Rep. Lofgren Issues Statement on Updated Visa Bulletin

July 3, 2007

Washington, D.C. – Representative Zoe Lofgren (D-San Jose) today issued the following statement in response to the State Department’s update of the July Visa Bulletin and the subsequent rejection of applications for adjustment of status by the U.S. Citizenship and Immigration Services (USCIS).

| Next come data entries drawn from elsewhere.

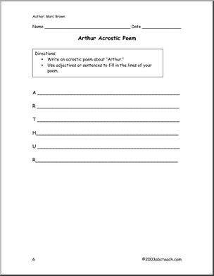Use this ‘Biography: Meet Author Marc Brown (primary/elem)’ printable worksheet in the classroom or at home. Your students will love this ‘Biography: Meet Author Marc Brown (primary/elem)’. The writer of the popular ‘Arthur’ series is profiled in this mini-unit, which features a reading comprehension, a word find, creative writing prompts, and more.
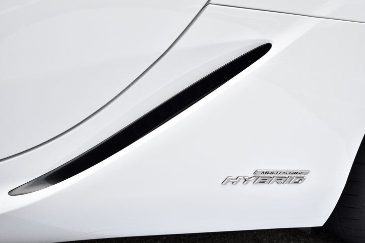 19/34リアホイールアーチの前方に貼られた「MULTI STAGE HYBRID」のバッジ。
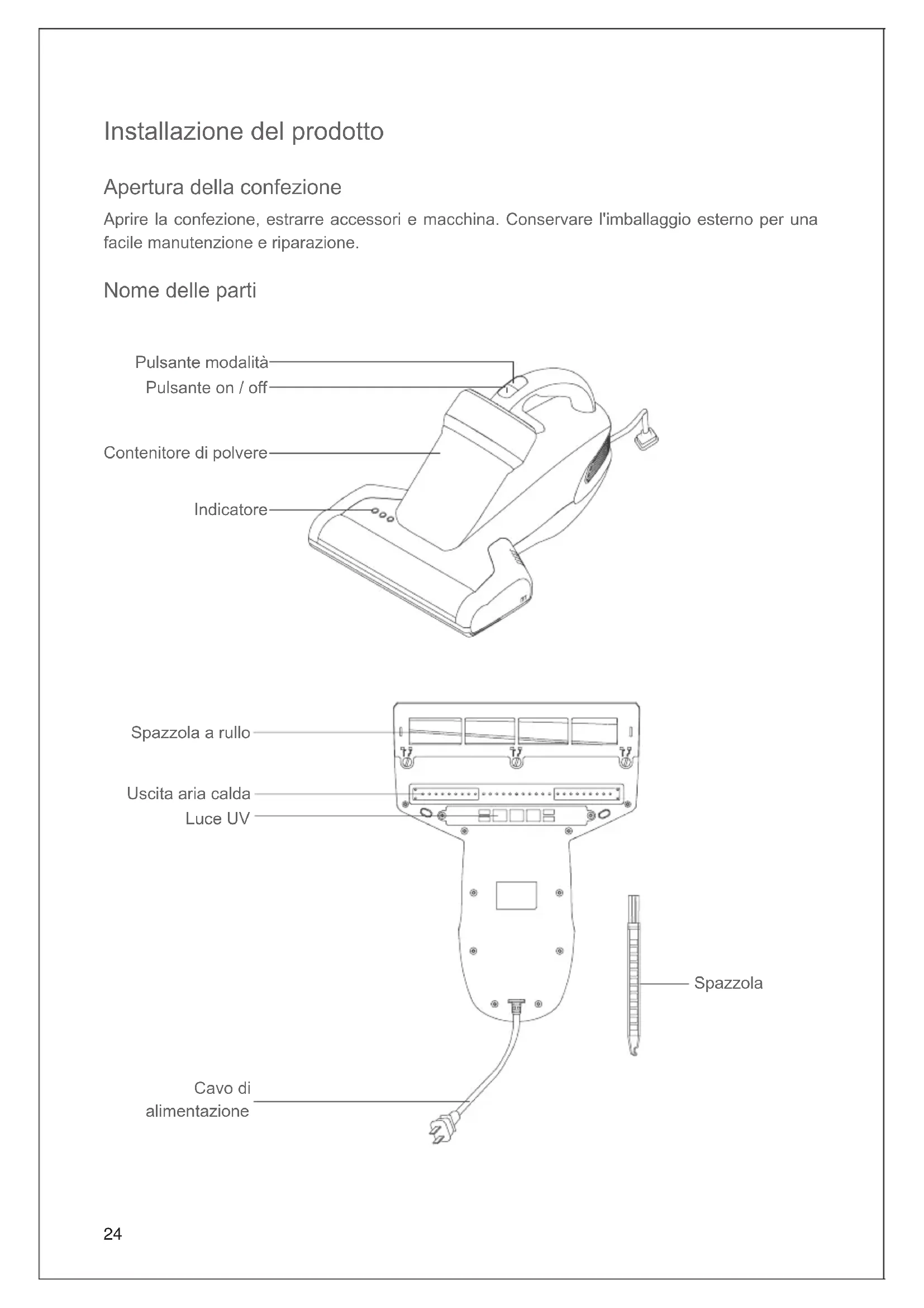 lasciarlo alla luce diretta del sole o in ambienti umidi. Precauzioni Leggere attentamente questo manuale di istruzioni prima dell'uso e conservarlo correttamente per usi futuri. Questo prodotto è un apparecchio elettrico, non lasciare mai la macchina in funzione senza supervisione. Spegnere l'interruttore di alimentazione e scollegare il cavo di alimentazione se la macchina deve essere inattiva. Non scollegare il cavo di alimentazione con mani umide in caso di scosse elettriche. Tagliare la fonte di alimentazione in manutenzione o fuori servizio. Tenere il cavo di alimentazione lontano da oggetti appuntiti e non trascinarlo per spostare la28 macchina in caso di danni al cavo. Per motivi di sicurezza, non utilizzare il prodotto per pulire oggetti caldi come carbone, mozziconi di sigarette, oggetti appuntiti come vetri rotti, liquidi corrosivi, materiali inammabili ed esplosivi come benzina e alcol. Altrimenti, potrebbe danneggiare l'intera macchina o provocare un incendio, che potrebbe causare incidenti come lesioni personali. Non utilizzare questo prodotto per pulire acqua o polvere bagnata. Non utilizzarlo in luoghi umidi (come bagno, toilette, lavanderia, ecc.) per evitare malfunzionamenti. Non posizionare la macchina in prossimità di apparecchi di riscaldamento o esporla alla luce solare diretta in caso di pericolo di incendio. Tenere questo prodotto fuori dalla portata di persone speciali come i bambini senza la supervisione di un adulto. Non utilizzare la macchina con la bocca di aspirazione bloccata in caso di danni al prodotto. Il prodotto è dotato di luce UV, per motivi di sicurezza, non guardare il fondo della macchina quando è accesa in caso di danni ai raggi ultravioletti. Si prega di non lasciare che i raggi ultravioletti irradino le piante, in modo da non danneggiare le piante. Si prega di non utilizzare i raggi ultravioletti in un punto in modo continuo, in quanto ciò potrebbe causare danni all'oggetto di pulizia. NON sedersi su questo prodotto in caso di lesioni personali e danni al prodotto. Non rimuovere la copertina per spazzola a rullo né forzare la copertina verso l'esterno quando la macchina è accesa per motivi di sicurezza. Questo prodotto può essere utilizzato SOLO per la pulizia di tessuti come materassi, coperte, cuscini, divani, ecc. Se il cavo di alimentazione è danneggiato, chiedere aiuto professionale al produttore e ad altri professionisti per motivi di sicurezza. Risoluzione dei problemi Se l'errore persiste dopo aver adottato le seguenti soluzioni, contattare immediatamente l'assistenza post-vendita o il distributore locale. Problemi Possibili ragioni Soluzione Mancanza di cor- rente Il cavo di alimentazione non è inserito saldamente. Inserire saldamente il cavo di alimentazione. Nessuna alimentazione alla presa elettrica. Controllare la presa Interruttore di alimentazione non premuto. Premere il pulsante di On / Off.29 Problemi Possibili ragioni Soluzione Bassa potenza di aspirazione Porta di aspirazione intasata. Pulire la porta di aspirazione. Accumulo di polvere sul ltro. Pulire il contenitore di polvere ed il ltro. Accumulo di polvere sul ciclone Pulire il ciclone. Accumulo di polvere sul ltro. Pulire il ltro. La luce UV non funziona La supercie dell'oggetto da pulire ha uno scarso riesso o è troppo lontana dall'oggetto da pulire. In circostanze normali, la macchi- na accende automaticamente la luce ultravioletta quando si trova a circa 5 cm dall'oggetto da pulire. La macchina si è fermata su una coperta. Si prega di spostarsi avanti e indi- etro sulla coperta. La macchina è posizionata in po- sizione verticale. Macchina inclinata non più di 30 gradi. Il foglio trasparente sulla son- da a infrarossi sul fondo della macchina è bloccato da sporco o polvere eccessiva. Pulire il foglio trasparente sulla sonda con un panno mezzo asciut- to. Danni alla luce UV. Contattare l'assistenza post-vendi- ta per sostituire la luce UV. La macchina ha smesso improv- visamente di funzionare Coperchio del contenitore di pol- vere pieno Al ne di evitare il surriscaldamen- to del motore di questo prodotto, è stato aggiunto un meccanismo di sicurezza per evitare il surriscal- damento. In tal caso, interrompere l’utilizzo, eliminare il blocco e sospenderlo per due ore prima dell’uso. Porta di aspirazione intasata. Filtro bloccato. Spazzola a rullo a smesso di fun- zionare all’im- provviso Materiale estraneo impigliato nella spazzola a rullo. Rimuovere il coperchio e ripulire la spazzola a rullo secondo la guida dell'utente. La cintura è staccata o rotta. Aprire il coperchio della spazzola a rullo secondo le istruzioni per l'uso, verificare se la cintura è staccata o rotta e sostituire la cintura nel punto designato.30
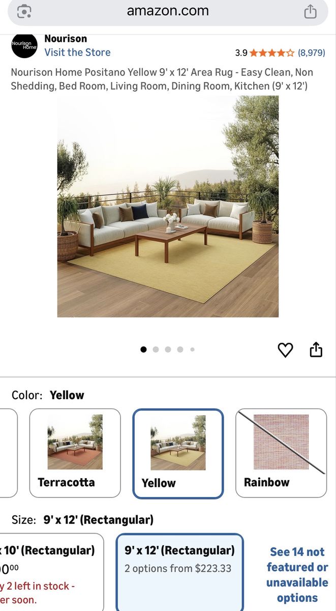 New. 9x12 Yellow Maize Indoor/Outdoor Area Rug
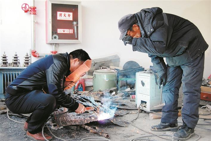 图② 在十三师职业技术学校电工教室,学员在师傅(右)的指导下进行实操练习(资料图片)。谢增杰 摄
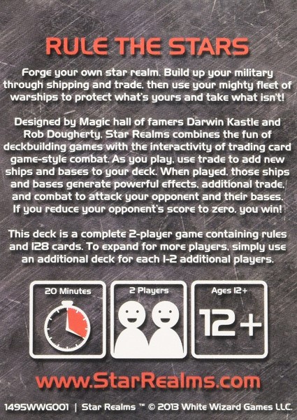 Star Realms is a spaceship combat deckbuilding game designed by Magic Pro Tour Champions and Hall of Famers Darwin Kastle and Rob Dougherty (developer and cofounder of the Ascension Deckbuilding Game). The game offers all the thrills of traditional trading card game style combat, combined with the fun of a deckbuilding game. Play powerful ships, destroy enemy bases or blast your opponent directly on your way to victory!
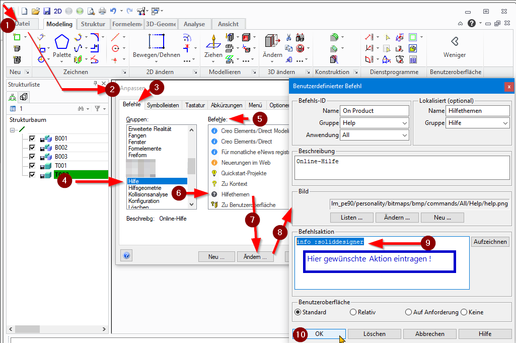 Aufgrund einer freundlichen Nachfrage ist mir jetzt noch eingefallen, das man die Änderung ja auch ganz nett über die Bedienoberfläche von Modelung durch führen kann. Also: => ➀ Datei -> ➁ Anpassen -> ➂ Reiter: "Befehle" -> ➃ Gruppe: "Hilfe" => ➄ Befehle: ➅ "Hilfethemen" => ➆ "Ändern" --->> ➇ Befehlsaktion: * statt: info :soliddesigner * ➈ dann: (oli::sd-display-url "https://support.ptc.com/help/creo/ced_modeling_express/r20.3.0.0/de/") => ➉ "Ok" => "Schliesen" -> dann vielleicht mal Modeling beenden und neustarten und gucken ob es geklappt hat.

I’m deeply concerned by today’s updating of the July Visa Bulletin by the Departments of State and Homeland Security. By taking this unprecedented mid-month update, the Departments of State and Homeland Security have seriously undermined the stability and predictability of U.S. immigration law. Thousands of individuals and businesses rely on the monthly bulletins to prepare and plan for the submission of applications. In addition, thousands of dollars in legal fees and other application related expenses are incurred in preparation for filing applications based on the these monthly bulletins.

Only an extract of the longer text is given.